* _What to do_
Set down each line of the material that follows exactly, and leave its pictures out.

═══ Given data ═══

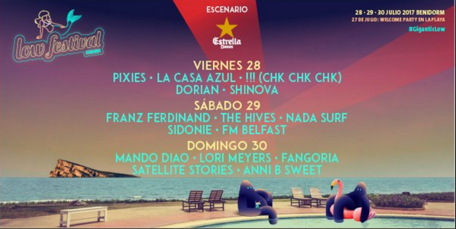 El festival se celebrará los días 28, 29 y 30 de julio en la Ciudad Deportiva Guillermo Amor de Benidorm (Alicante). Las entradas anticipadas están a la venta en www.lowfestival.es y www.ticketea.com. El cartel por escenarios queda como sigue:
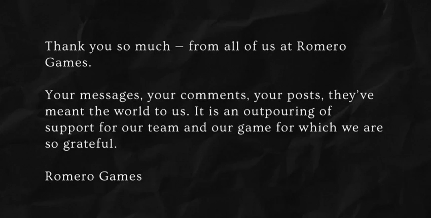 Ранее Romero Games опубликовала информацию о том, что лишилась финансирования от издателя. А позднее стало известно, что студия, судя по всему, закрыта. Это произошло на волне массовых сокращений в Microsoft.
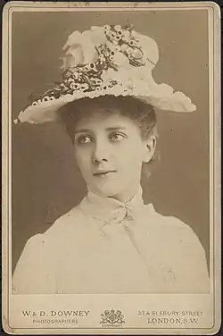 Millett was born in Rajanpur (now in Pakistan, but then part of India), the daughter of Colonel Hugh Millett and his wife Julia, née Childs.[1] She made her first appearance on the stage at the old Novelty Theatre in 1884, and as a result she was engaged by Charles Hawtrey for the part of Eva Webster in The Private Secretary, which was then running at the Globe Theatre.[2] Two years later she appeared with Kate Vaughan at the Gaiety Theatre. When George Alexander moved from the Avenue Theatre to the St James's at the end of 1890 she was a member of his company, playing Kate Merryweather in C. Haddon Chambers's The Idler and Blanche Ferraby in R. C. Carton's Liberty Hall.[3] When Alexander staged the first production of The Second Mrs Tanqueray (1893), she played Ellean to the Paula of Mrs Patrick Campbell.[4]
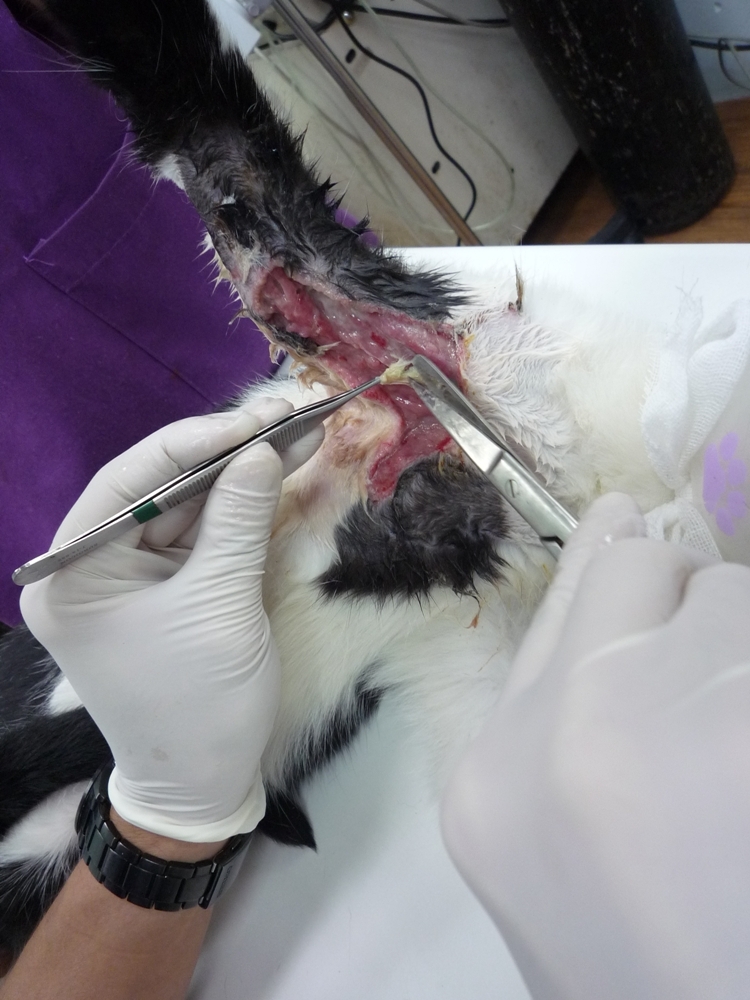 轉院後 醫生細心的幫小黑白處理傷口

═══

* _Written answer_
 El festival se celebrará los días 28, 29 y 30 de julio en la Ciudad Deportiva Guillermo Amor de Benidorm (Alicante). Las entradas anticipadas están a la venta en www.lowfestival.es y www.ticketea.com. El cartel por escenarios queda como sigue:
 Ранее Romero Games опубликовала информацию о том, что лишилась финансирования от издателя. А позднее стало известно, что студия, судя по всему, закрыта. Это произошло на волне массовых сокращений в Microsoft.
 Millett was born in Rajanpur (now in Pakistan, but then part of India), the daughter of Colonel Hugh Millett and his wife Julia, née Childs.[1] She made her first appearance on the stage at the old Novelty Theatre in 1884, and as a result she was engaged by Charles Hawtrey for the part of Eva Webster in The Private Secretary, which was then running at the Globe Theatre.[2] Two years later she appeared with Kate Vaughan at the Gaiety Theatre. When George Alexander moved from the Avenue Theatre to the St James's at the end of 1890 she was a member of his company, playing Kate Merryweather in C. Haddon Chambers's The Idler and Blanche Ferraby in R. C. Carton's Liberty Hall.[3] When Alexander staged the first production of The Second Mrs Tanqueray (1893), she played Ellean to the Paula of Mrs Patrick Campbell.[4]
 轉院後 醫生細心的幫小黑白處理傷口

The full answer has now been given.